*Activity*:
Transcribe the listing underneath, keeping each word exact and omitting the images.

*Input data*:
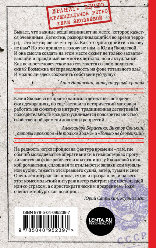 Юлия Яковлева делает то, на что не отважился до нее ни один писатель, - перемещает классический детективный сюжет в сталинскую эпоху. И меняет наши представления о детективе, а заодно и о всей литературе.
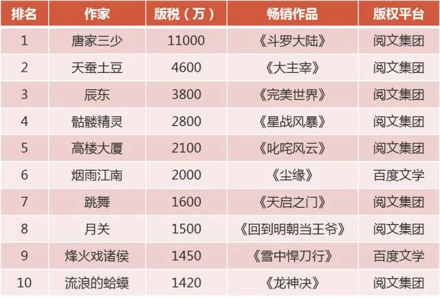2016年第十届中国作家富豪榜公布了“网络作家榜”入选名单,榜单前十名的作者版税收入均已过千万,唐家三少更是以超亿元的版税收入再次蝉联网络作家排行榜榜首。
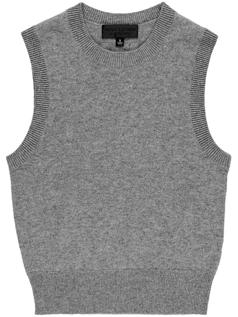 ash grey cashmere knitted construction mélange effect ribbed-knit edge round neck sleeveless
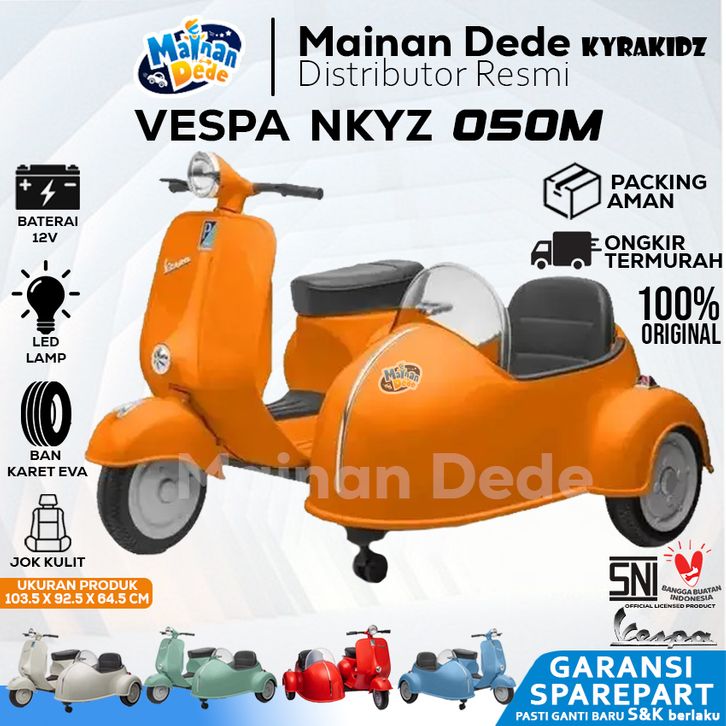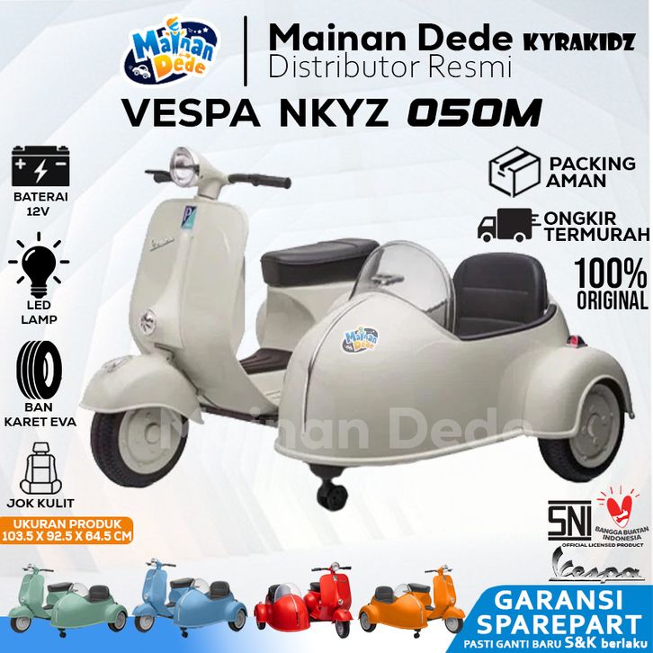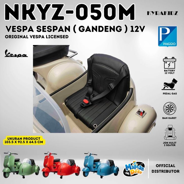 PROMO Mainan Motor Aki Anak Vespa NKYZ 050M Licensed Vespa Sespan gandeng 12V

*Response to this exercise*:
 Юлия Яковлева делает то, на что не отважился до нее ни один писатель, - перемещает классический детективный сюжет в сталинскую эпоху. И меняет наши представления о детективе, а заодно и о всей литературе.
2016年第十届中国作家富豪榜公布了“网络作家榜”入选名单,榜单前十名的作者版税收入均已过千万,唐家三少更是以超亿元的版税收入再次蝉联网络作家排行榜榜首。
 ash grey cashmere knitted construction mélange effect ribbed-knit edge round neck sleeveless
 PROMO Mainan Motor Aki Anak Vespa NKYZ 050M Licensed Vespa Sespan gandeng 12V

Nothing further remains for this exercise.